The characters in this, for such a short novel, are very well developed. You really do start to feel for them in some way. In a similar way to Flaubert’s Bovary, this provincial town has a character of its own too.
The story is one of money and how different people deal with it. Eugenie is daughter to the wealthiest man for miles around but lives in virtual poverty with her mother and a faithful servant. The extent to which her father will go to save money and conceal his wealth is fascinating and tragi-comic all at once.
Balzac keeps you going with some very subtle humour which I appreciated and key events unfolding all the way through. He’s a good storyteller and a philosopher to boot with some very erudite observations about human nature, in particular, which is to be expected of a novel written in 1833, bourgeois tendencies.

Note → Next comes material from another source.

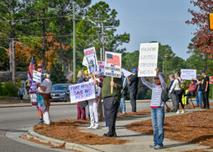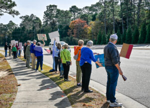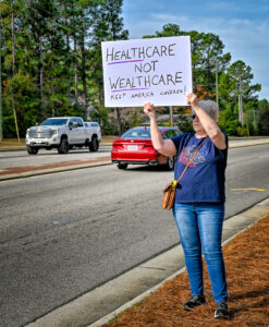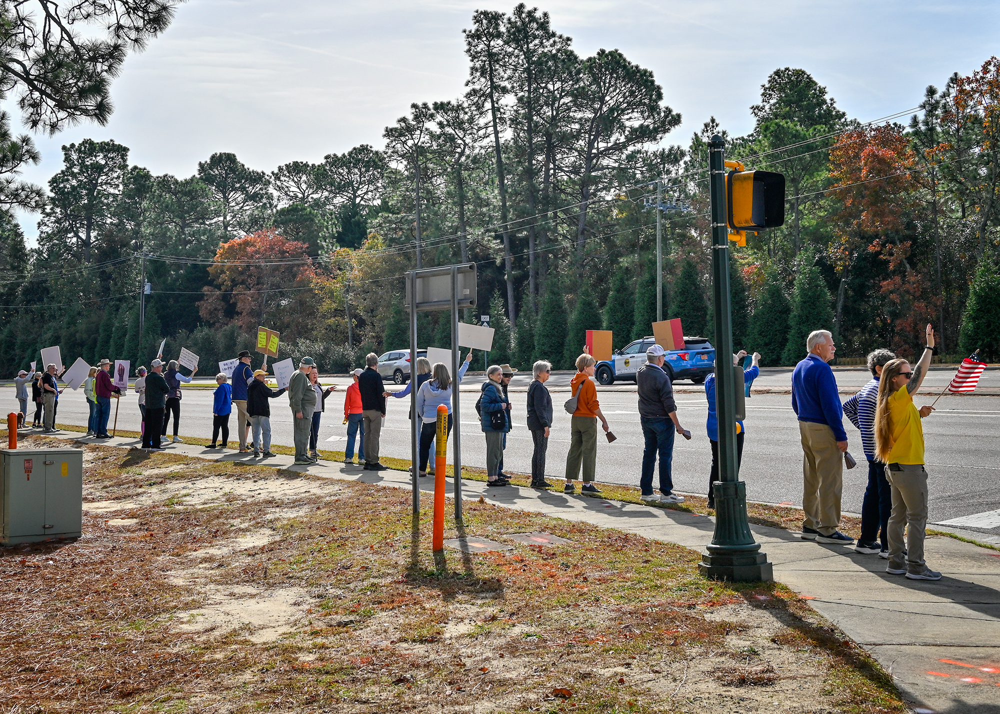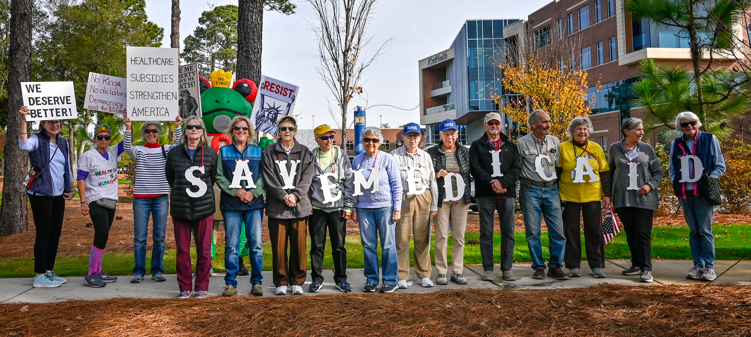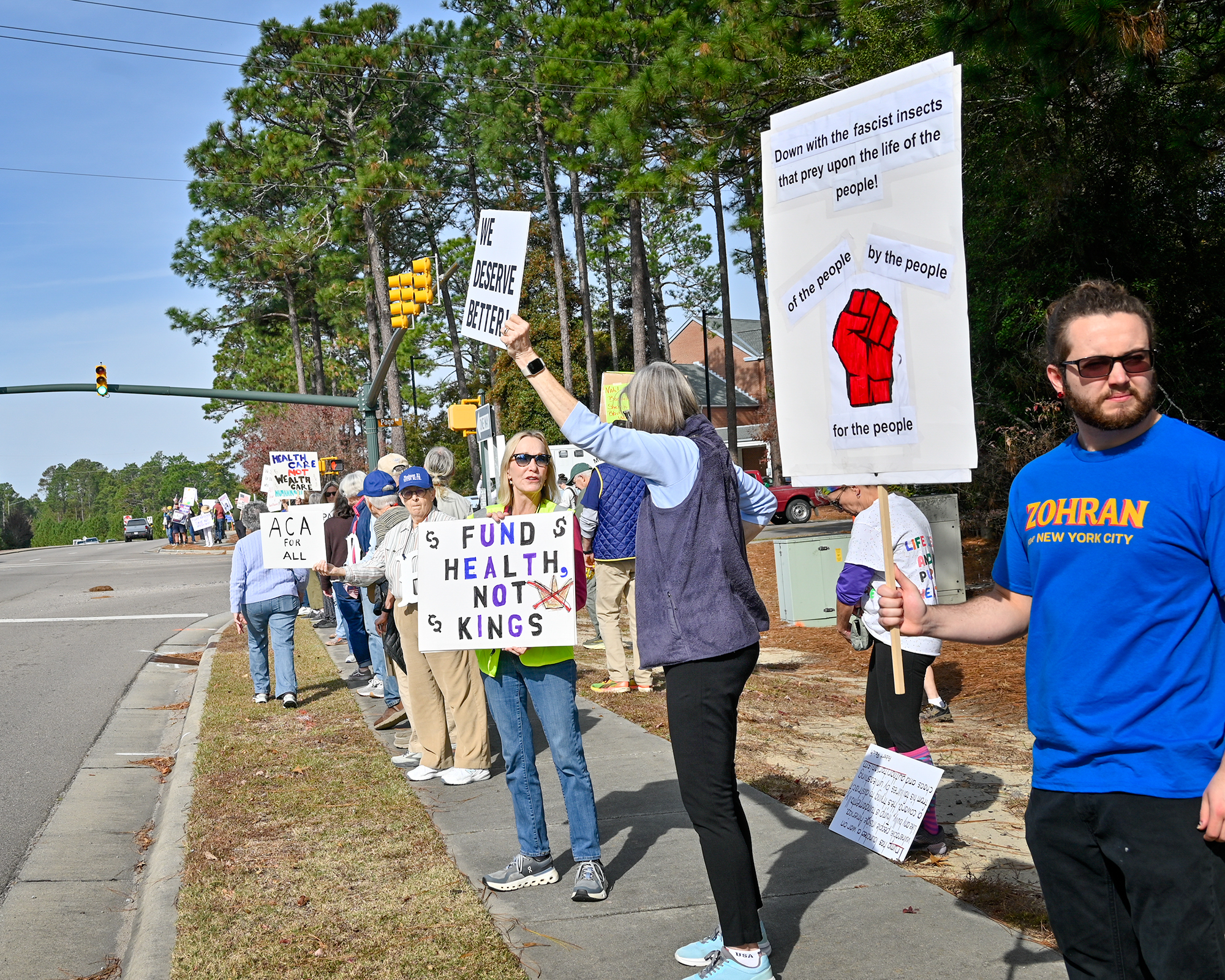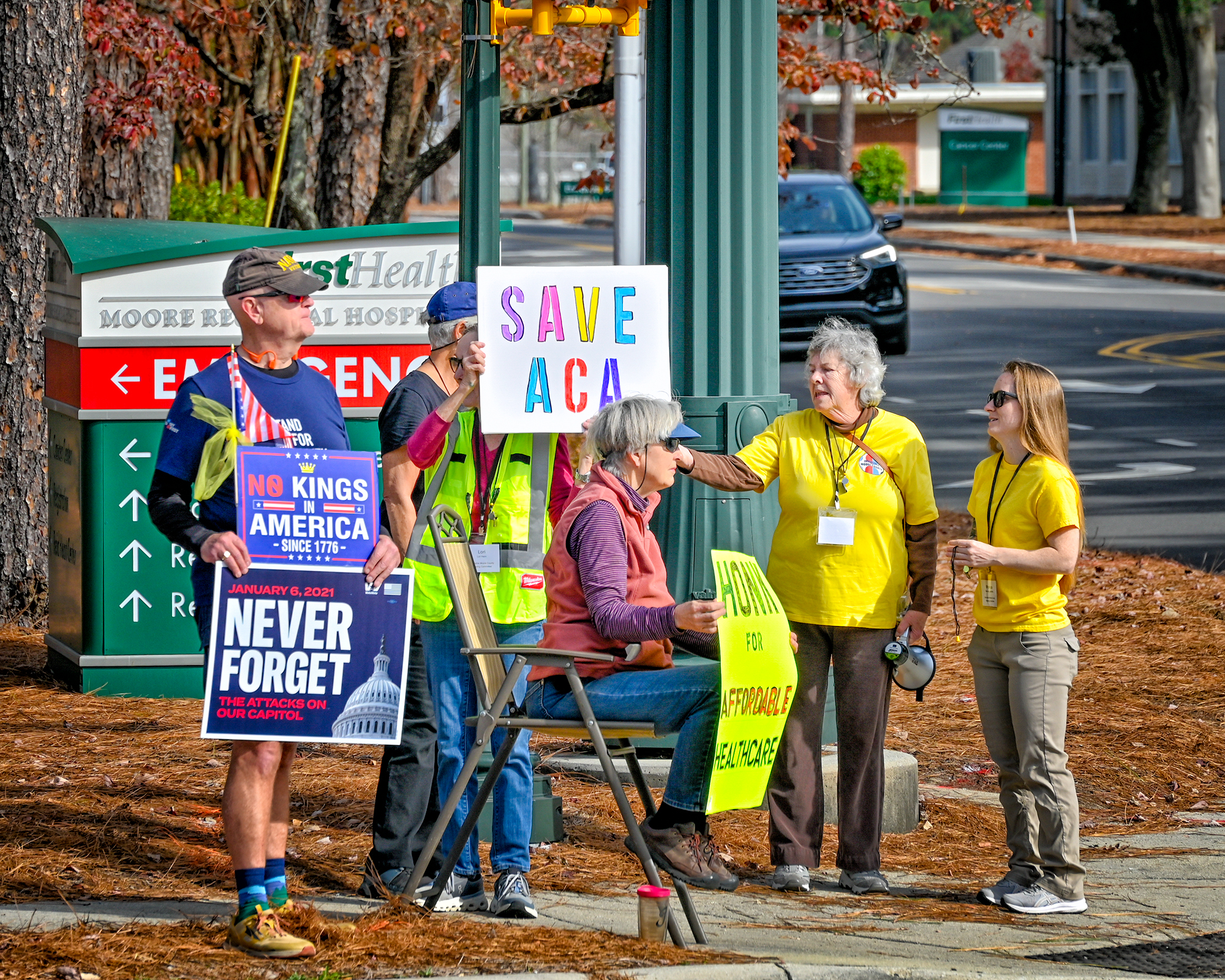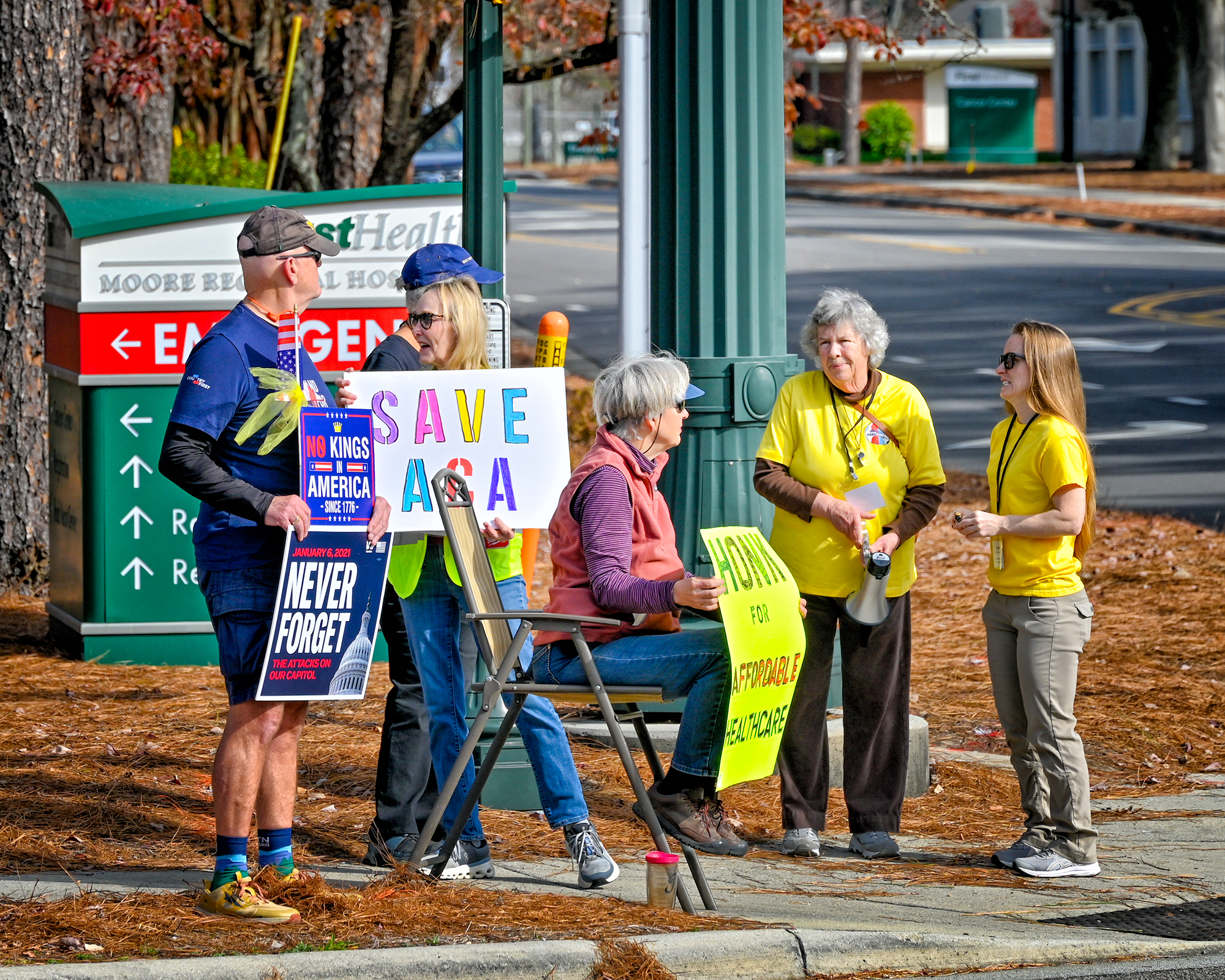 In November 2025, about 50 Moore County residents gathered on Highway 211 (Yadkin Rd) near the Moore Regional Hospital with signs, cowbells, and chants to show their support for funding important programs like Medicaid.

All in all, a very good read.
There are houses in certain provincial towns whose aspect inspires melancholy, akin to that called forth by sombre cloisters, dreary moorlands, or the desolation of ruins.
It often happens that certain actions of human life seem, literally speaking, improbable, though actual. Is not this because we constantly omit to turn the stream of psychological light upon our impulsive determinations, and fail to explain the subtile reasons, mysteriously conceived in our minds, which impelled them?
Neither la Grande Nanon nor Cornoiller has sufficient mind to understand the corruptions of the world.